It is important to consider the social context of these youth. Skills that make surviving life on the streets possible may be in other contexts viewed as antisocial or deviant (Tyler & Whitbeck, 2004). Many homeless youth rely heavily on other homeless youth who themselves are involved in a variety of risky behaviors. It is difficult to change the behaviors of an individual if his or her network remains filled with opportunities for risk taking. We advocate changing networks, not just individuals. In much the same way that Alcoholics Anonymous relies on connecting recovering addicts to new networks of other recovering addicts who can support one another, we advocate interventions at a street level that attempt to connect homeless youth with positive social influences. We recognize that if you cannot change the behaviors of the peers with whom homeless youth associate, changing their behaviors will be very difficult.
We believe that the social networks of homeless youth can be used in a positive way. Many of these youth are extremely resilient (Tyler & Whitbeck, 2004). More than just deviance is practiced in these networks. Homeless youth are also engaged in a great deal of mutual social support and exchange of necessary resources for surviving on the streets. Even the nontraditional social networks of homeless youth confer benefits to their members (Tyler & Whitbeck, 2004). Utilizing the existing network structures and the flow of positive information and skills through them may provide researchers with new avenues through which they can more effectively target homeless youth for interventions. Much as Kelly (1995) was able to access social influence leaders within the community to effectively disseminate safe sex information through networks of gay men, homeless youth in key network positions could be recruited to disseminate prosocial and/or low-risk behaviors through the networks of homeless youth.
To better understand how to best implement network-level interventions for homeless youth, the nature of the social networks of homeless youth must be better understood, and our models of such networks need to be refined. Future studies should seek to better understand how density of networks affects behaviors. Moreover, other network properties, such as centrality, should be crucial to the dissemination models we are suggesting. Central network positions are ideal entry points for interventions that intend to utilize social influence processes in a positive way. Finally, how the behaviors of particular members of a network and their positions in the network affects influence and dissemination processes must be better understood to most effectively design interventions to help these young people.
Acknowledgments
The National Institute of Mental Health Grants No. 1RO1 MH61185, R01 MH49958-04, and P30MH58107 supported this study.
Biographies
ERIC RICE is a sociologist working at University of California–Los Angeles’s Center for Community Health. His research interests focus on social exchange processes, social influence networks, and the application of social network models to public health issues.

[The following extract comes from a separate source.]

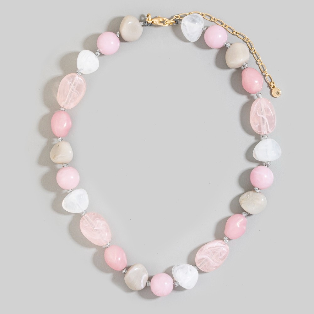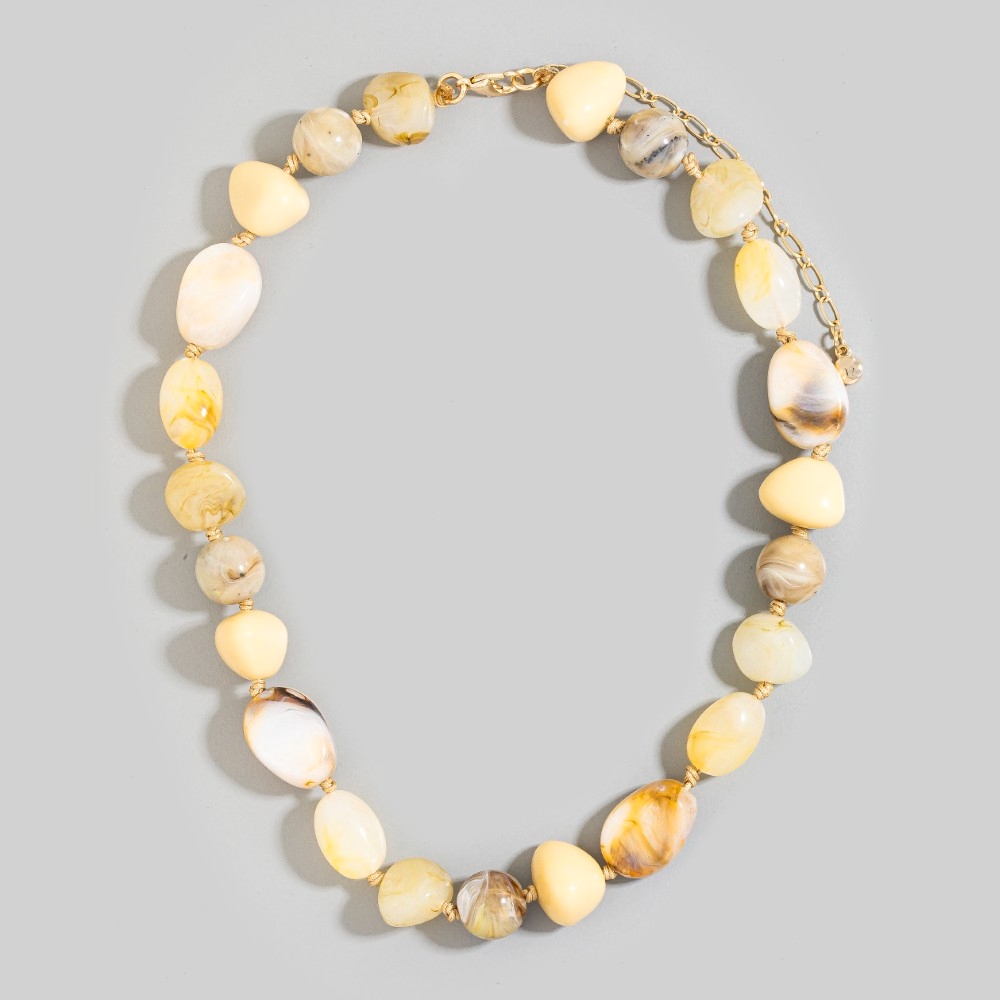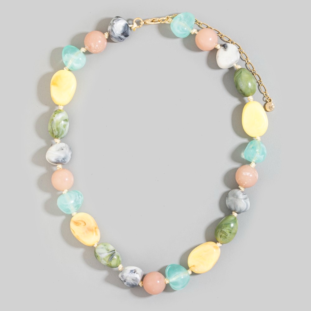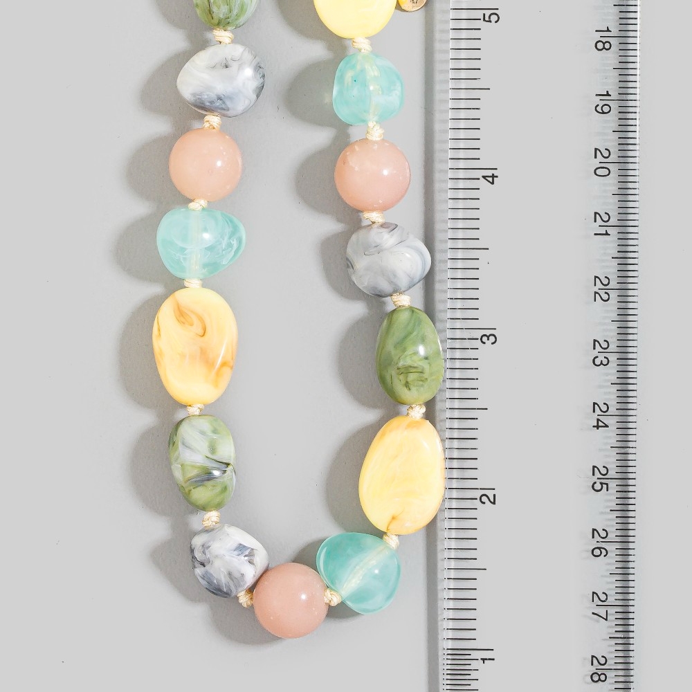 - This piece is a true showstopper, this necklace features an exceptional irregular marble resin beaded design. Perfect for adding a touch of glamour and sophistication to any outfit, this necklace is a must-have. Available in MU, NU, PK, TQ. This item is sold in packs of 1.
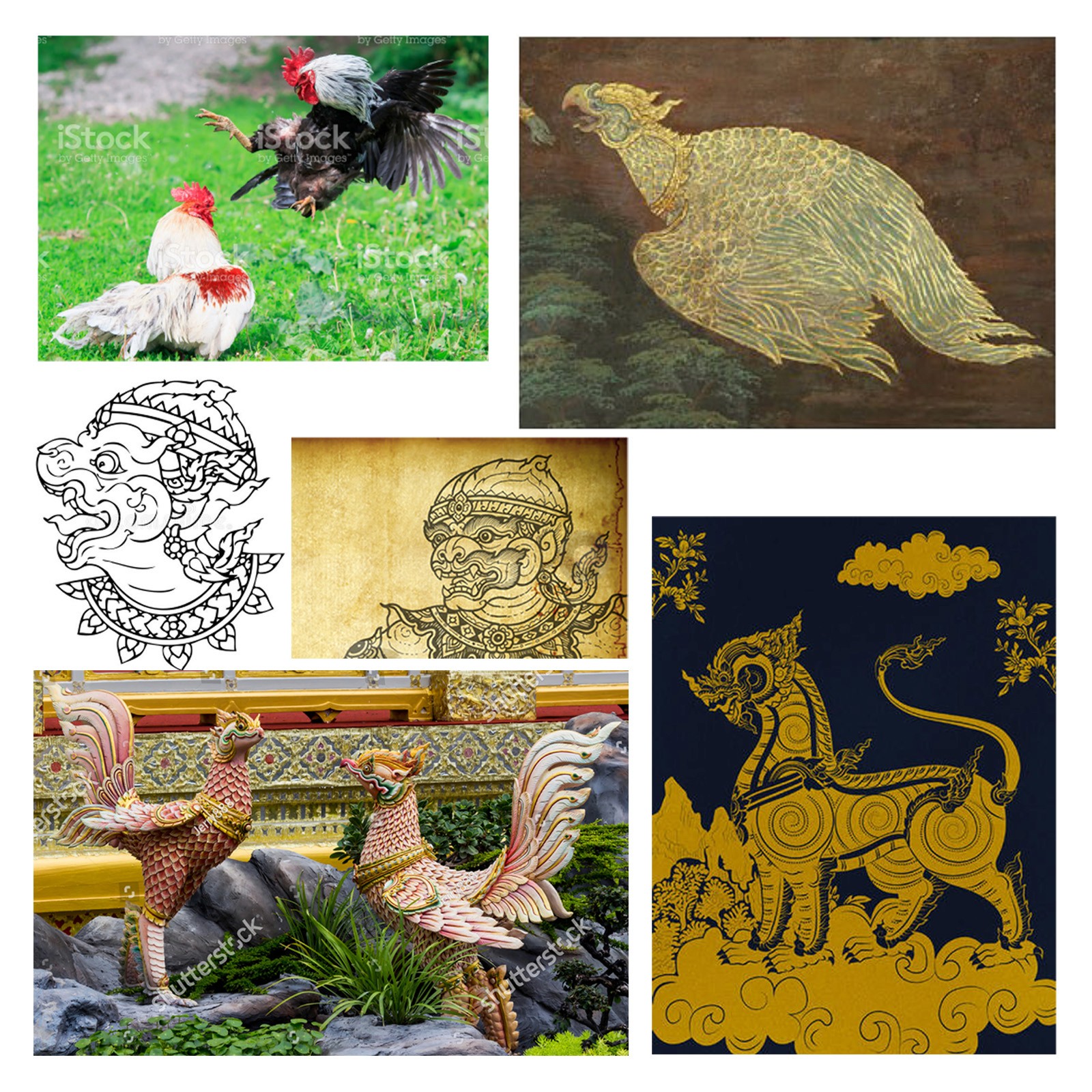 Rooster is one of the creatures of the Himmapan Forest, from the Thai Mithology. Being a very dynamic animal, it’s also a great design element.

NORWEETA G. MILBURN is an associate research psychologist at the Center for Community Health and a core scientist with the Treatment Services Core. She received her PhD in community psychology from the University of Michigan in Ann Arbor. Prior to coming to University of California–Los Angeles, she was an associate professor of psychology at Hofstra University in New York and assistant director of the PsyD program in school/ community psychology. Her primary research interests include substance abuse and home-lessness and mental health among African Americans. As principal investigator of a National Institute of Mental Health study of homeless youth, she is examining paths into and out of homelessness and risk for HIV among homeless youth in the United States and Australia.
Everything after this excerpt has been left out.